Exercise objective: Output exactly the lines of the listing below that run from the line with "金価格は2025年9月30日" through the line with "وكتب العسقلاني على". No pictures.

Supplied records:
BEGIN

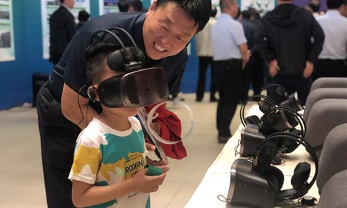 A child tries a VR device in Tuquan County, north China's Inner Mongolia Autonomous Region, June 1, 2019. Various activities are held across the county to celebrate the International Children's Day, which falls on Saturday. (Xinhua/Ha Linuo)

END
BEGIN

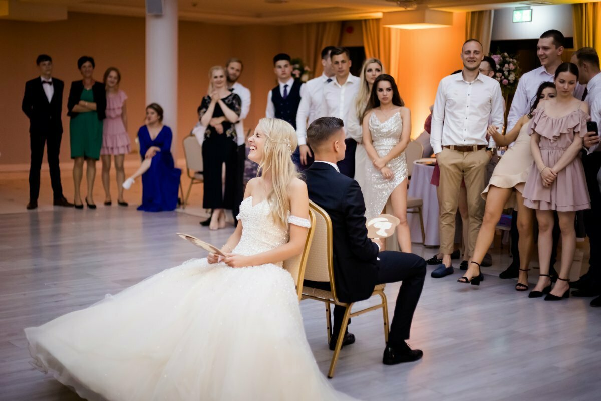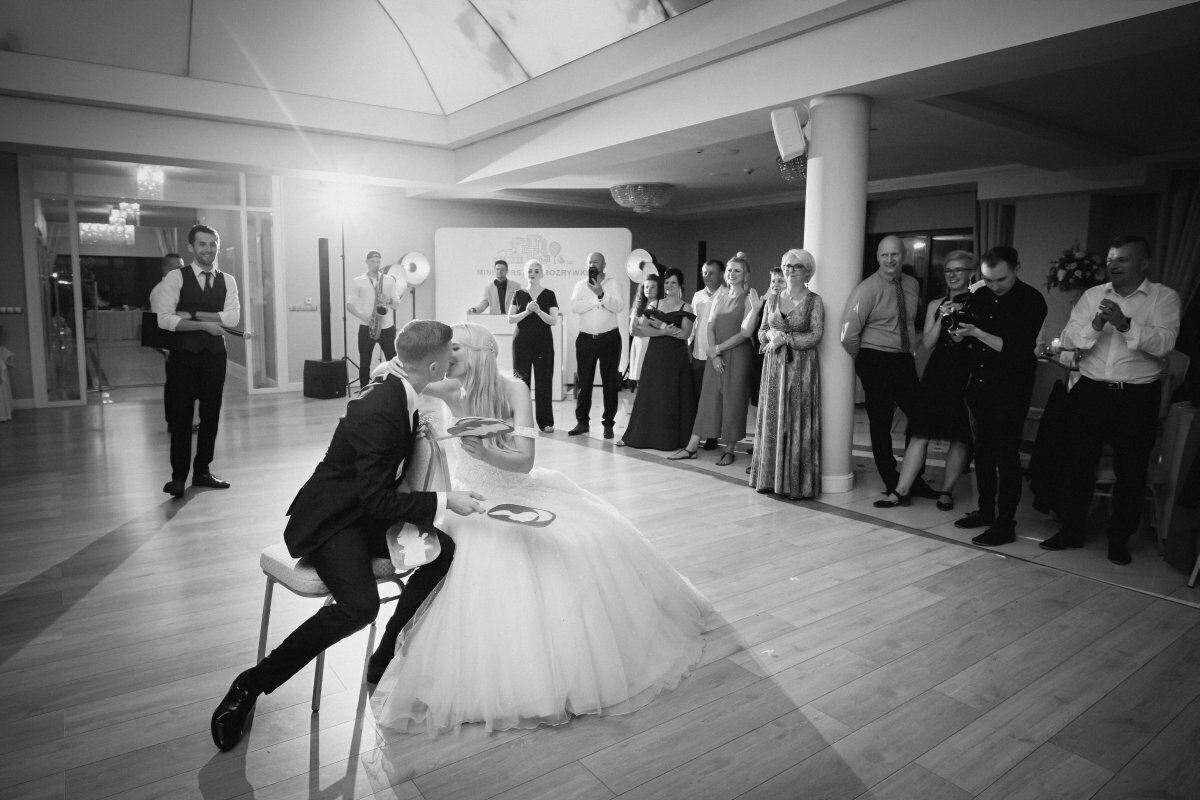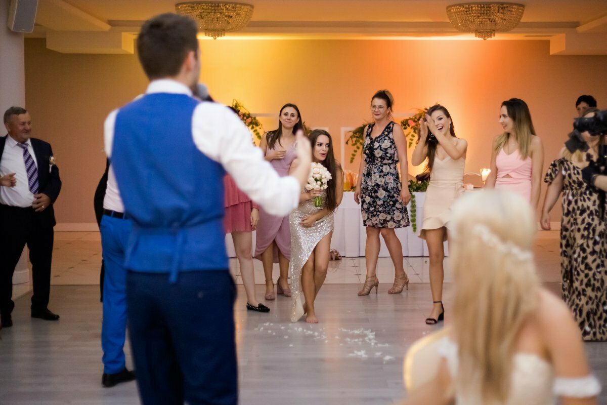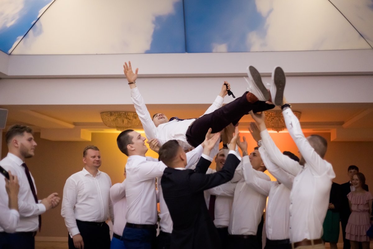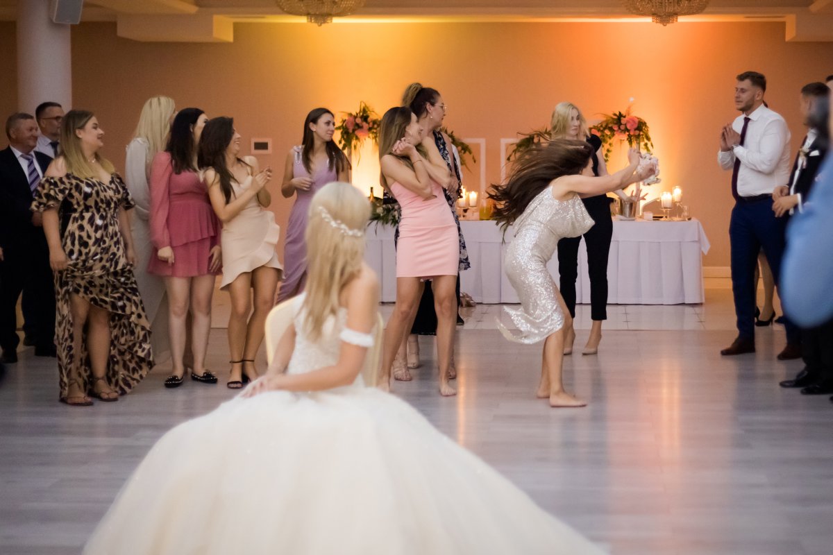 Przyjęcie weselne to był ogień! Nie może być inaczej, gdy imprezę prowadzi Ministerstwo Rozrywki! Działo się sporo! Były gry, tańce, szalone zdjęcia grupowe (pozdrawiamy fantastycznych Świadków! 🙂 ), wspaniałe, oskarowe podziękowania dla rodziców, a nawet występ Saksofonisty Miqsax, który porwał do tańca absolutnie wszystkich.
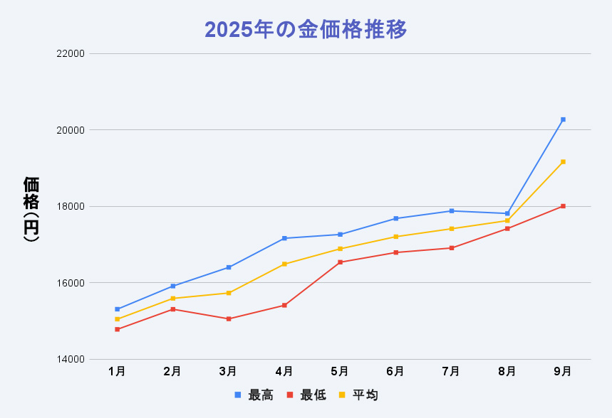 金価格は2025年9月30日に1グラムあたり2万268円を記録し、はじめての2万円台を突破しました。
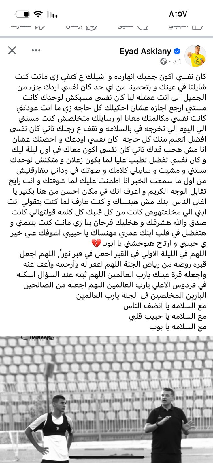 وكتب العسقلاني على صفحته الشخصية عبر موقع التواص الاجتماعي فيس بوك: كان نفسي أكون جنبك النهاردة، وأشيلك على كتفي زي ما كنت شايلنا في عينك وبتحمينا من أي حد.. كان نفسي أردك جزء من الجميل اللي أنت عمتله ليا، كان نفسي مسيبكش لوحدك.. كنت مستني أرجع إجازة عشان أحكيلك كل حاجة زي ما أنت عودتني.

END

Finished task:
 金価格は2025年9月30日に1グラムあたり2万268円を記録し、はじめての2万円台を突破しました。
 وكتب العسقلاني على صفحته الشخصية عبر موقع التواص الاجتماعي فيس بوك: كان نفسي أكون جنبك النهاردة، وأشيلك على كتفي زي ما كنت شايلنا في عينك وبتحمينا من أي حد.. كان نفسي أردك جزء من الجميل اللي أنت عمتله ليا، كان نفسي مسيبكش لوحدك.. كنت مستني أرجع إجازة عشان أحكيلك كل حاجة زي ما أنت عودتني.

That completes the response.